CCL1, originally identified as a gene expressed in activated T cell lines, is secreted by various cells including lymphocytes, Langerhans cells, monocytes, mast cells, endothelial cells and epithelial cells (14,15). Its sole receptor, CC chemokine receptor (CCR)-8, is expressed in polarized Th2 cells, IL-10 producing regulatory T cells and macrophages (16,17). Its chemotactic role for Th2 cells (16), and high serum levels in atopic dermatitis suggest that CCL1 plays a key role in the progression of Th2 type hypersensitivity (18,19). CCL1 together with CCL22 participates in the migration of regulatory T cells, leading to a reduced alloproliferative response (20,21). In mice, CCL1 interaction with CCR8 on macrophages leads to the development of postoperative and postinflammatory peritoneal adhesions (22). Further studies are required to investigate CCL1 production by TIM-3-expressing CD4+ T cells in normal and pathologic immune responses.

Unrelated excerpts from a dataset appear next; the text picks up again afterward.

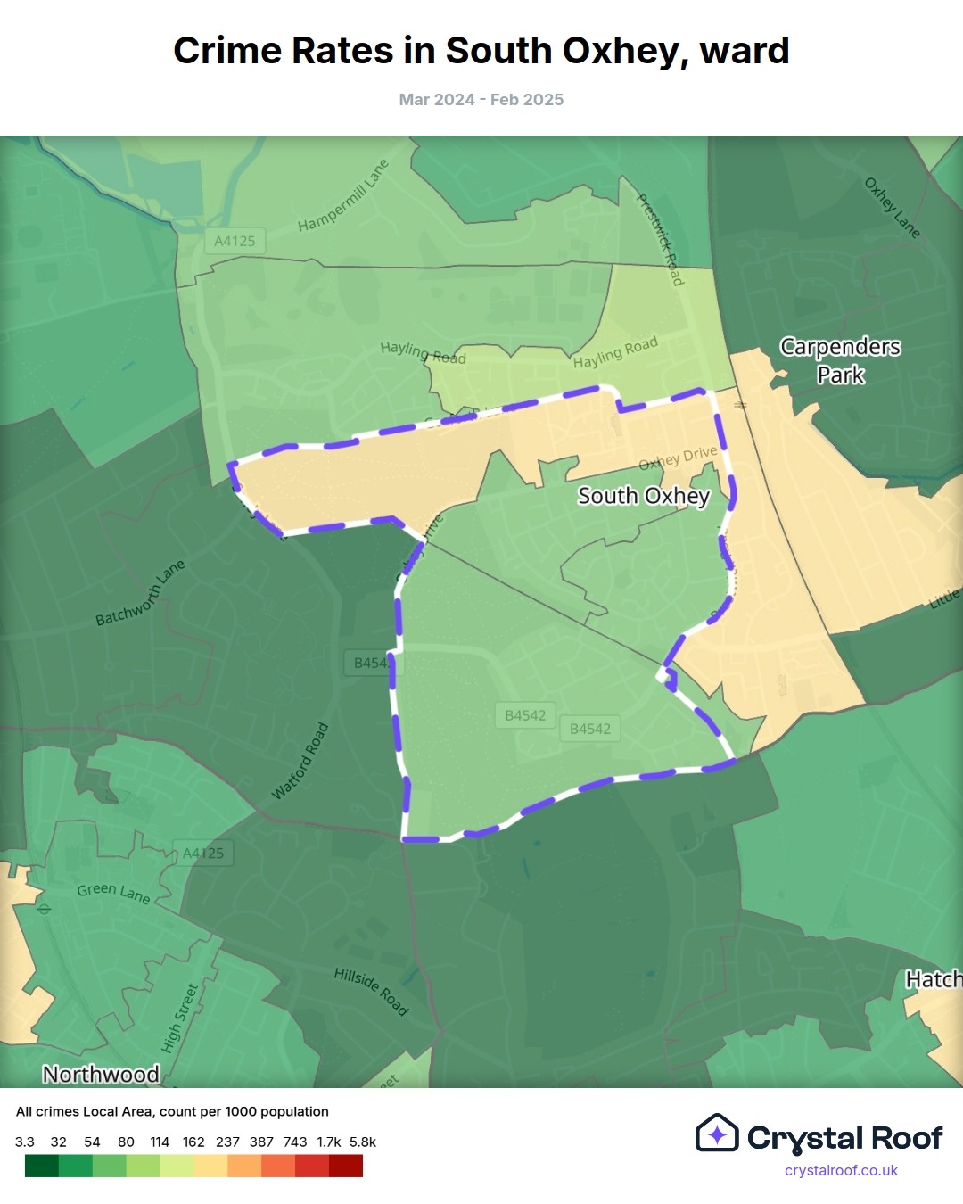 The figures in grey indicate the relative ratings of South Oxhey (ward) for a specific crime type compared to other wards in England and Wales.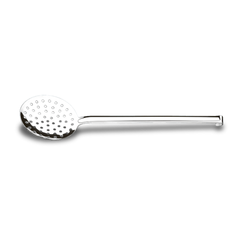 escoar alimentos preparados em água ou óleo. Seu bojo possui múltiplos orifícios e bordas levemente elevadas que fazem com que o alimento fique sequinho muito mais rápido. A peça é inteiramente produzida em aço inoxidável, um material que reúne funcionalidade e elegância: resistente e fácil de limpar, possui um sofisticado acabamento em alto brilho e pode ir à lava-louças. A espumadeira da linha Arienzo tem 34,5cm de comprimento total e cabo longo para garantir a sua segurança.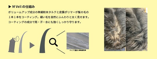 「M Veil -Natural Black-」(Lv4相当)は黒色に着色した微細粉末タルクと皮膜ポリマーを噴霧することにより、髪の毛1本1本を太く見せ、白髪をカバーすることができる。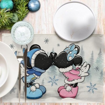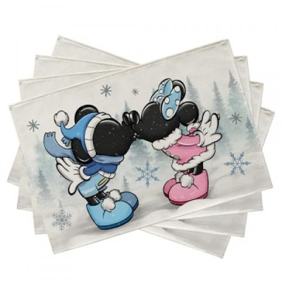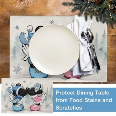 Seliem 겨울 만화 마우스 플레이스 매트 4 개 세트, 소나무 눈송이 농가 식탁 장소 매트, 크리스마스 휴일 계절 주방 장식 홈 인테리어 12x18 인치

Currently, TIM-3 is believed to play a negative role in cytokine production by Th1 and Th17 cells based on the observations that the secretion of IFN-γ, IL-2, IL-17 and IL-6 by human CD4+ T cells is increased in the presence of anti-TIM-3 antibody (23), and that the cytokine production of Th1 cells is enhanced by the injection of TIM-3-Ig into mice (2). It will be interesting to examine whether the expression of other chemokines is affected by TIM3 expression and whether CCL1 expression is changed in the presence of anti-TIM-3 antibody.

In summary, TIM-3 expression in CD4+ T cells enhances transcription of CCL1, a chemotactic factor for CCR8+ polarized Th2 cells, regulatory T cells and macrophages.